Perhaps this doesn’t tell you much when I say I am a sober alcoholic so I think perhaps I need to elaborate on what that really means.
I started drinking when I was 13. And smoking too. And by 16 I was taking anything I could get my hands on, drink it, smoke it, snort it, screw it. By 18 I added inject it to the list. See, somewhere in my life two things happened. The obvious, 1) that I loved the effect that mood altering chemicals and eventually sex gave me, and 2) that somewhere I started feeling that me, just as I was, was no longer okay, that I had to change, to act the way others thought I should because I was fundamentally not okay. And to do that to one’s soul, well, I chose to numb out. That I had to act the way YOU thought I should. Not the way my very loving heart and my very capable brain told me, but what YOU thought. Feh. I felt walked on and somewhere in there I began to think I deserved it and started to not only accept it but to encourage it.
My ex husband told me once that I would NEVER quit smoking and that my writing sucked. Go do your little dance in hell now Joel.
I heard many times from parents, teachers, lovers, husband, etc., that I needed to do this or that to be better or what have you. I spent YEARS being invalidated. I drank because it made me feel better. Drinking and drugging, and yes, sex, saved my life. Absolutely.
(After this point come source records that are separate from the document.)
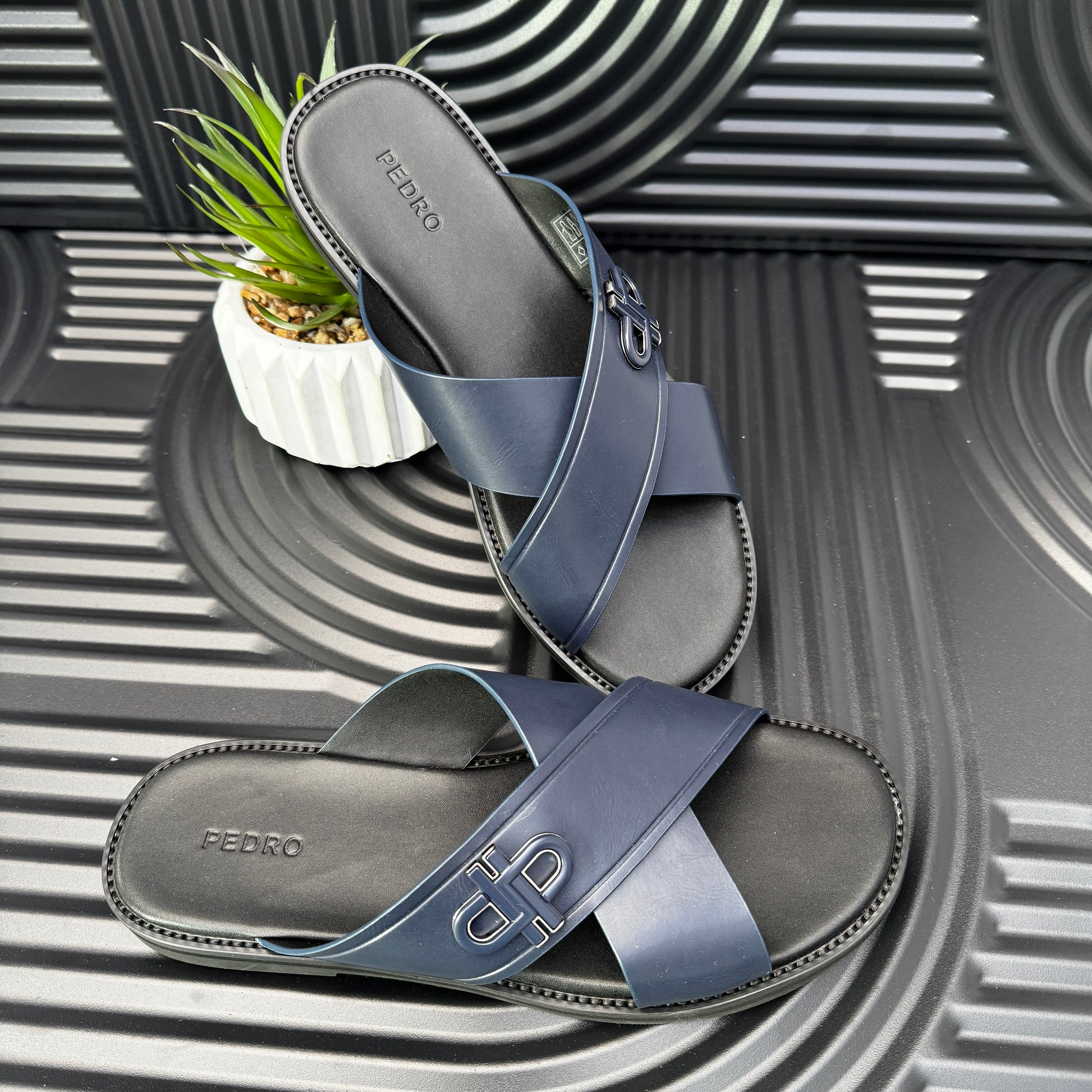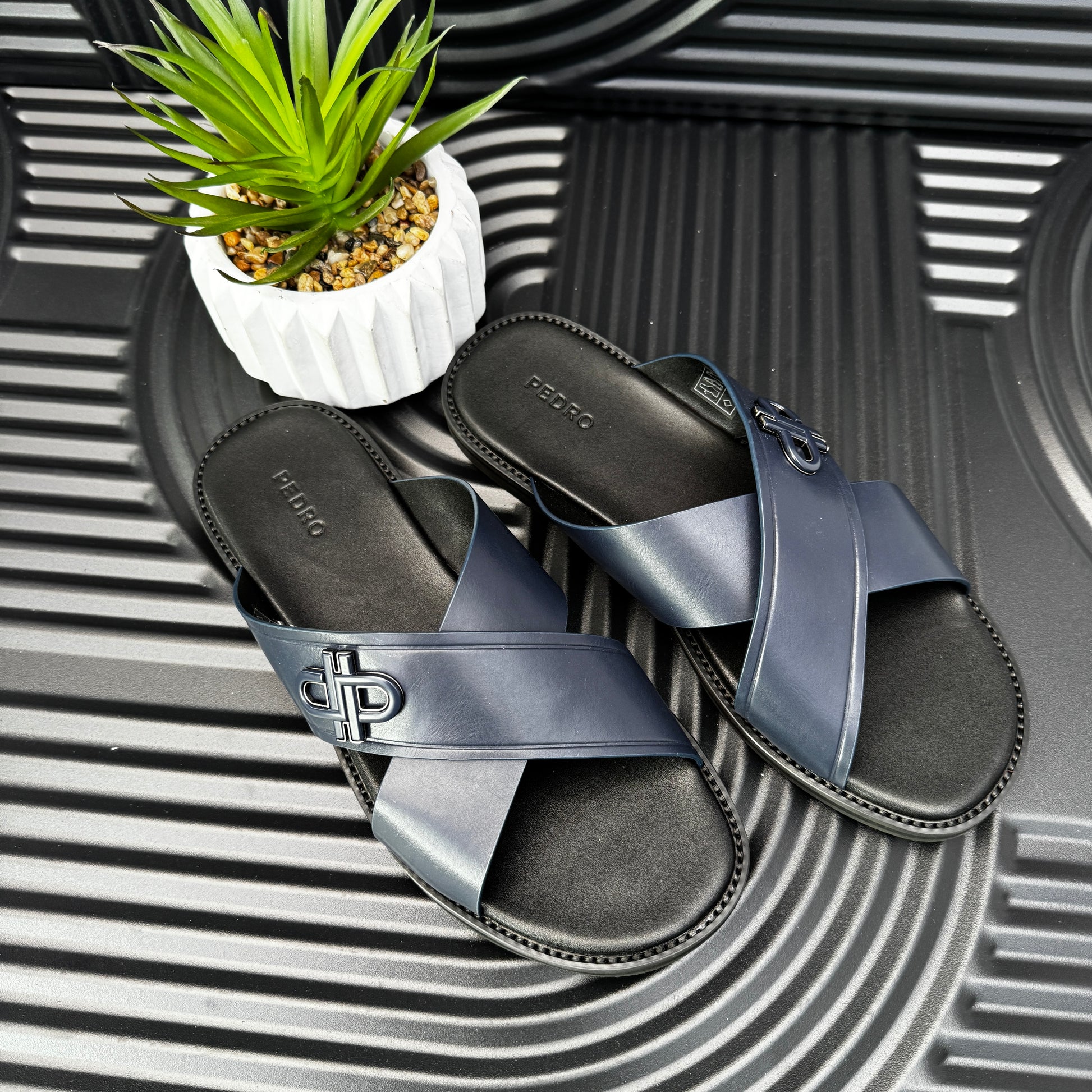 The Men's Icon Cross Sandals in Navy redefine casual elegance with a bold, sculptural design. Featuring a cross-strapped upper secured by distinctive monogram hardware, these sandals blend durability with refined minimalism. They offer a confident yet effortless look, perfect for those who appreciate style that balances function and statement.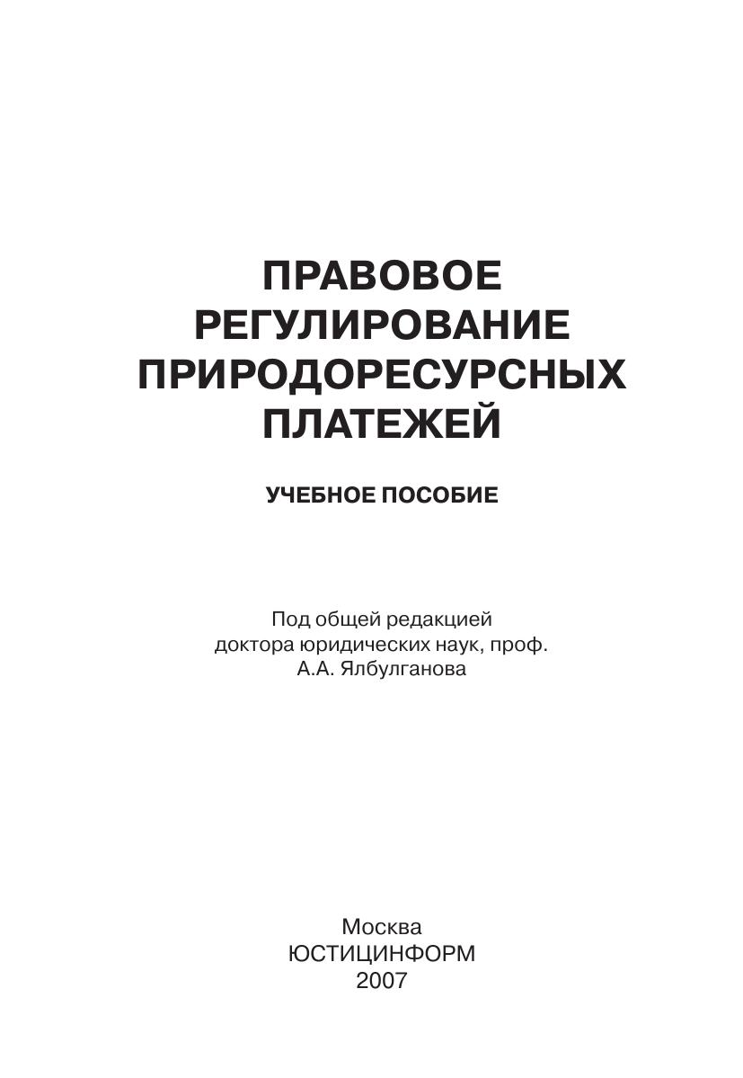 Правовое регулирование природоресурсных платежей: Учебное пособие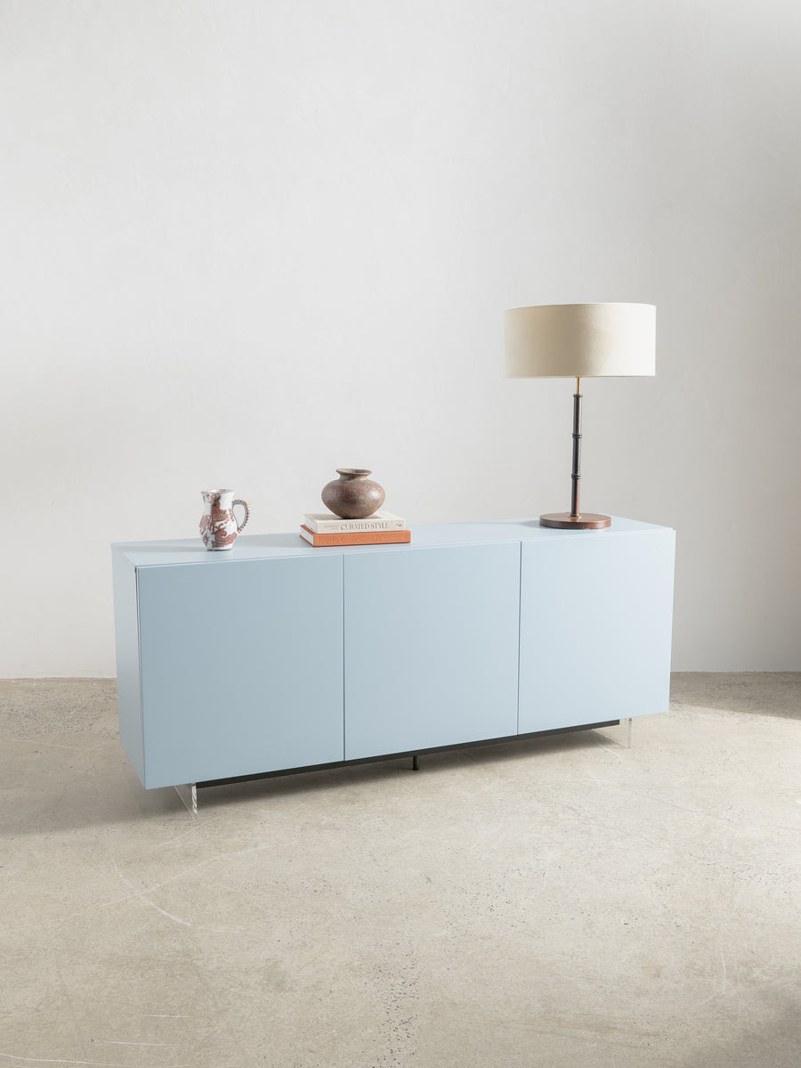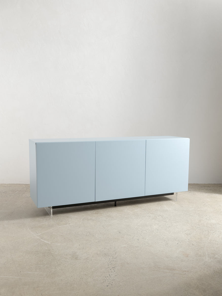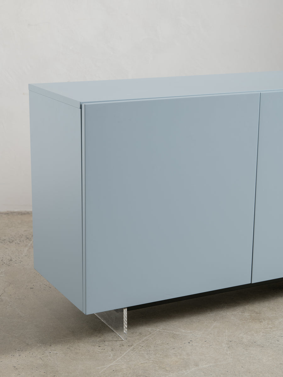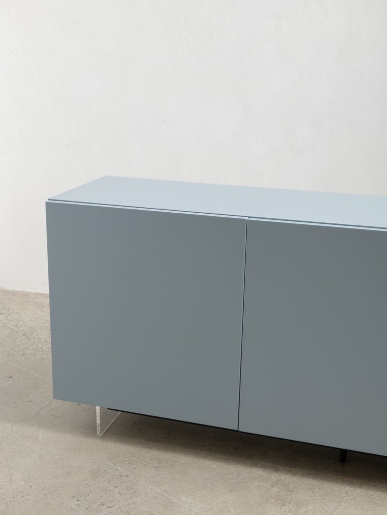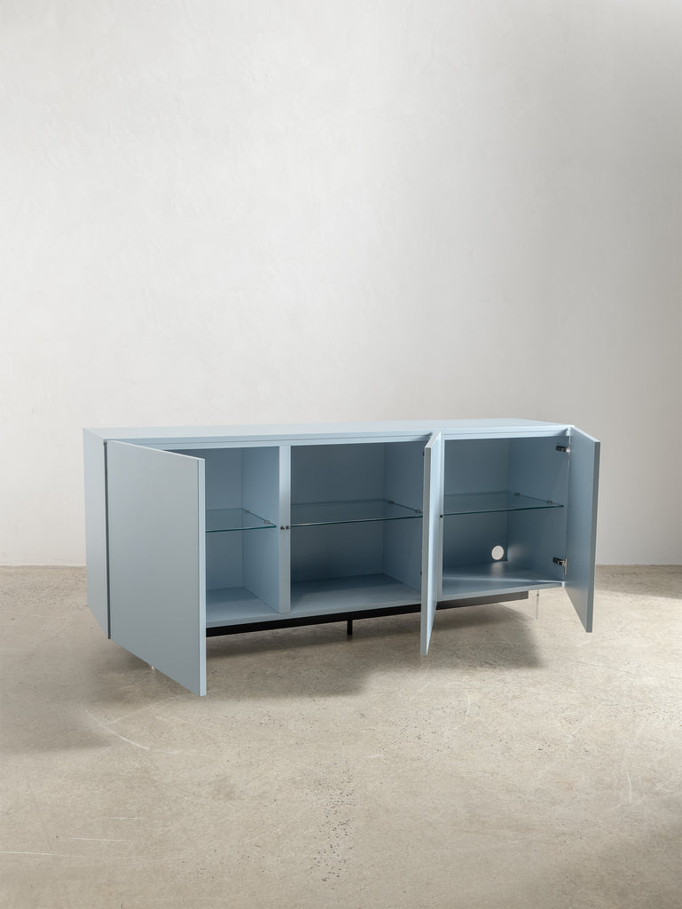 A serene and sophisticated expression of modern design, the Essenzia sideboard in light blue beckons with its clean lines and refined elegance. Produced by Riflessi, this piece carries the grace of contemporary Italian craftsmanship—simple yet striking in its minimalism.

My first suicide attempt was at the age of 11. ELEVEN.
Those activities stopped saving my life in my early 30’s and they started killing me. It was very difficult for me to accept that the one friend I knew I had, that had saved my life, that was my rock, had turned on me and was now killing me. That I had to give it up, overnight, and do and be someone else some other way.
I’ve spent almost 13 years discovering who I am. 12 years in recovery doing some very difficult and very worthwhle work. When was the last time YOU did a searching and fearless moral inventory of yourself and then told someone else all your sad little secrets? How many times have you done that? I am not better than you because I have done this numerous times. I’m just saying that do not for one moment think I have no experience with mental health, mental illness, and recovery. I’ve spent 12 years discovering that my feelings, my thoughts, my actions are just fine. I am a good person. That it is okay to be angry or sad or, dare I say it or do it, JOYOUS. To vent my feelings. To speak my peace and move on. As long as I don’t build a house or camp there in that spiritual wasteland, I can visit for a couple minutes. It is incredibly healthy to vent feelings instead of drink over them, deny them, screw them, or stuff them.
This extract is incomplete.